Friday, August 26, 2011

Salt Lake City, UT: Appeals court reverses murder conviction in 1996 murder

SALT LAKE CITY — The Utah Court of Appeals ordered Thursday that a man convicted of murder in the 1996 slaying of his fiancée should be given a new trial.

A jury found Billy Justin Charles, 35, guilty in 2009 — almost 13 years after Jamie Ellen Weiss, 18, was found dead in the bathtub of the couple's mobile home.

The couple was to have been married the next day.

Police were called out to the home on a report of a drowning, but an autopsy later showed Weiss died as a result of blunt-force trauma and asphyxiation.

Weiss' death was deemed a homicide in 1996 but no arrests were made until the case was reopened in 2007 and Charles was charged with murder, a first-degree felony.

But the Utah Court of Appeals reversed the conviction and remanded the case for a new trial.

"We see no due process violation here based on either the state’s delay in charging defendant or its methods of investigation," the court ruling states. "However, considering the circumstantial nature of the evidence upon which defendant was convicted and the cumulative effect of defense counsel’s errors, we think there is a reasonable probability that, absent the errors, the jury would have had a reasonable doubt about his guilt."
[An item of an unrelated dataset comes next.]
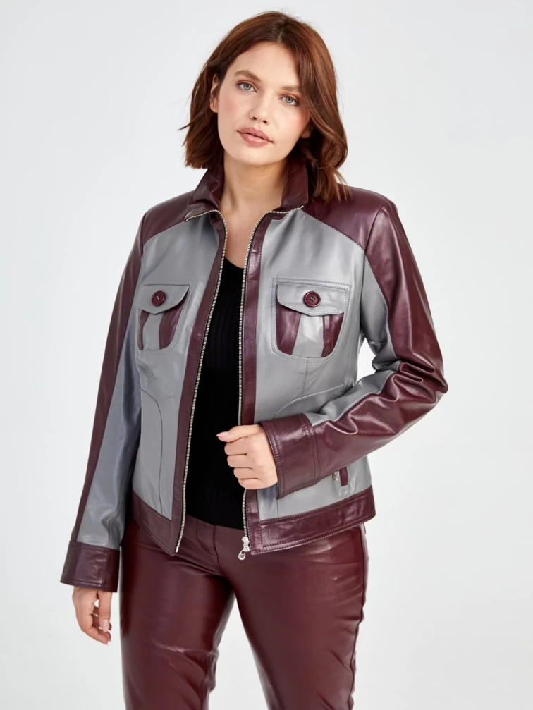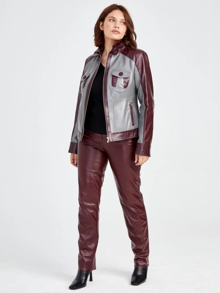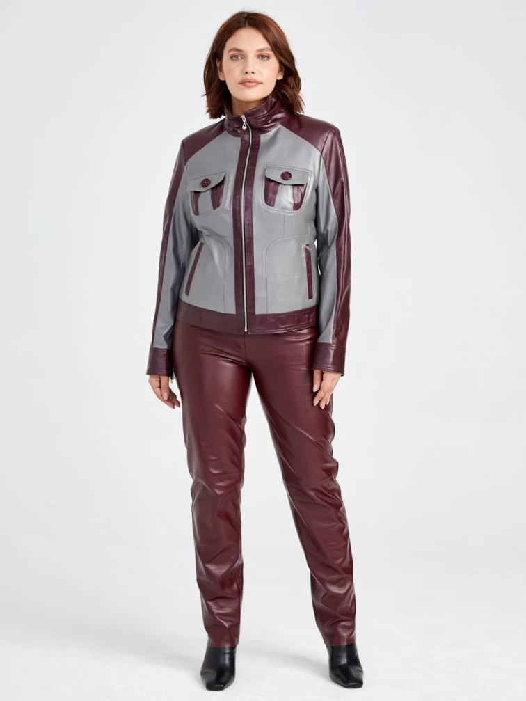 Товар кожаный комплект женский: куртка 341 + брюки 02, серый/бордовый, р. 42, арт. 111170. Рассчитан на сезон: весна-лето.

The ruling, penned by Judge Gregory Orme, pointed to evidence of the ineffective assistance of counsel claim because attorneys apparently failed to present witnesses and evidence that could have corroborated Charles' story — that Weiss had been alive when he left for work the day she was killed and had helped him start his truck, which at times required two people to start.

"Although each piece of evidence described above is not, by itself, overwhelmingly suggestive of defendant’s innocence, taken together this evidence undermines our confidence in the jury’s verdict," Orme wrote.

He went on to say that the delay in filing the case also pointed to weak evidence. "Looking at the big picture, the 11-year delay in bringing charges against defendant indicates that the state was trying to find more evidence against him which, in turn, indicates that it believed the case was not particularly strong."

Assistant attorney general Ryan Tenney disagreed with the court, saying it simply took longer to get the "very solid" evidence prosecutors presented at trial, including a jailhouse confession from a distant relative.

"The witnesses that they're talking about in the opinion had decidedly ambiguous testimony," Tenney said. "When you look at that ambiguity and put in the context of all the evidence against the defendant … it wouldn’t have mattered.

The Utah Attorney General's Office will consider an appeal to the Utah Supreme Court.

"We're very disappointed in the ruling," Tenney said. "We think that the court of appeals got it wrong. We think the conviction was a good one and should have stood."

Troy Booher, who handled the appeals for Charles, said his client was "very happy" with the court's ruling and looked forward to presenting his case to a new jury.

"I think (the court of appeals) reached the right result in the case," Booher said. "The evidence is thin enough that you really need to have a trial where all of the evidence is presented and trial counsel does exactly the right job."